Chen Guang, Chen Jieneng, Lienen Marten, Conradt Jörg, Röhrbein Florian, Knoll Alois C
College of Automotive Engineering, Tongji University, Shanghai, China.
Chair of Robotics, Artificial Intelligence and Real-time Systems, Technische Universität München, Munich, Germany.
Front Neurosci. 2019 Feb 12;13:73. doi: 10.3389/fnins.2019.00073. eCollection 2019.
A neuromorphic vision sensors is a novel passive sensing modality and frameless sensors with several advantages over conventional cameras. Frame-based cameras have an average frame-rate of 30 fps, causing motion blur when capturing fast motion, e.g., hand gesture. Rather than wastefully sending entire images at a fixed frame rate, neuromorphic vision sensors only transmit the local pixel-level changes induced by the movement in a scene when they occur. This leads to advantageous characteristics, including low energy consumption, high dynamic range, a sparse event stream and low response latency. In this study, a novel representation learning method was proposed: Fixed Length Gists Representation (FLGR) learning for event-based gesture recognition. Previous methods accumulate events into video frames in a time duration (e.g., 30 ms) to make the accumulated image-level representation. However, the accumulated-frame-based representation waives the friendly event-driven paradigm of neuromorphic vision sensor. New representation are urgently needed to fill the gap in non-accumulated-frame-based representation and exploit the further capabilities of neuromorphic vision. The proposed FLGR is a sequence learned from mixture density autoencoder and preserves the nature of event-based data better. FLGR has a data format of fixed length, and it is easy to feed to sequence classifier. Moreover, an RNN-HMM hybrid was proposed to address the continuous gesture recognition problem. Recurrent neural network (RNN) was applied for FLGR sequence classification while hidden Markov model (HMM) is employed for localizing the candidate gesture and improving the result in a continuous sequence. A neuromorphic continuous hand gestures dataset (Neuro ConGD Dataset) was developed with 17 hand gestures classes for the community of the neuromorphic research. Hopefully, FLGR can inspire the study on the event-based highly efficient, high-speed, and high-dynamic-range sequence classification tasks.
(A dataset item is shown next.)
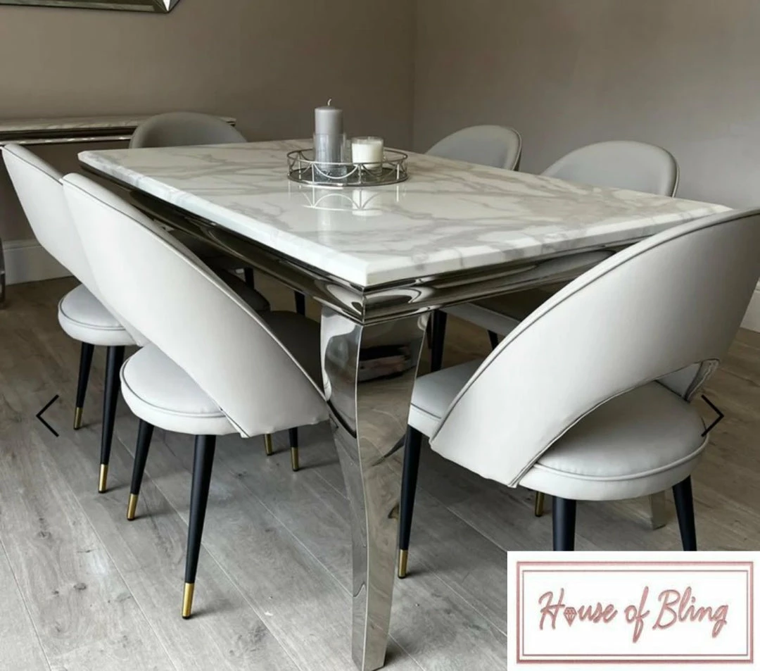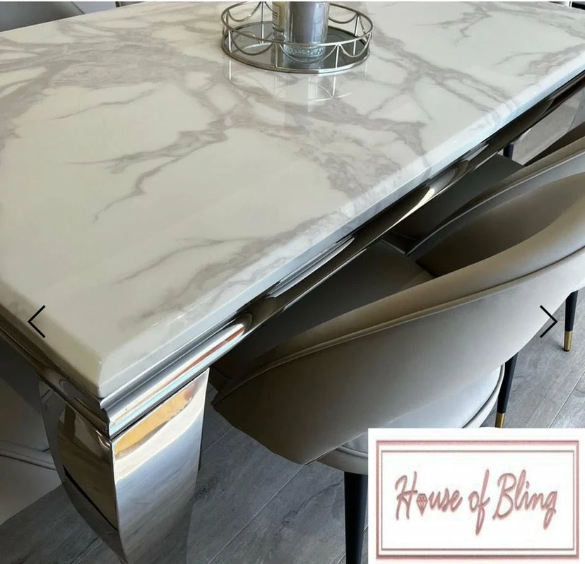 Cambridge white marble table with chair package, our marble table are available in different marble colour tops and selection of different chair packages available, please contact us with your requirements

神经形态视觉传感器是一种新型的无源传感模式和无帧传感器,与传统相机相比具有多个优势。基于帧的相机平均帧率为30帧/秒,在捕捉快速动作(如手势)时会产生运动模糊。神经形态视觉传感器不会以固定帧率浪费地发送完整图像,而是仅在场景中的运动引起局部像素级变化发生时进行传输。这带来了包括低能耗、高动态范围、稀疏事件流和低响应延迟等优势特性。在本研究中,提出了一种新颖的表征学习方法:用于基于事件的手势识别的固定长度要点表征(FLGR)学习。先前的方法在一段时间(如30毫秒)内将事件累积到视频帧中,以生成累积的图像级表征。然而,基于累积帧的表征放弃了神经形态视觉传感器友好的事件驱动范式。迫切需要新的表征来填补基于非累积帧表征的空白,并挖掘神经形态视觉的进一步能力。所提出的FLGR是从混合密度自动编码器学习到的序列,能更好地保留基于事件的数据的本质。FLGR具有固定长度的数据格式,易于输入到序列分类器中。此外,还提出了一种循环神经网络(RNN)与隐马尔可夫模型(HMM)的混合模型来解决连续手势识别问题。循环神经网络用于FLGR序列分类,而隐马尔可夫模型用于定位候选手势并在连续序列中改进结果。为神经形态研究领域开发了一个包含17种手势类别的神经形态连续手势数据集(Neuro ConGD Dataset)。希望FLGR能激发对基于事件的高效、高速和高动态范围序列分类任务的研究。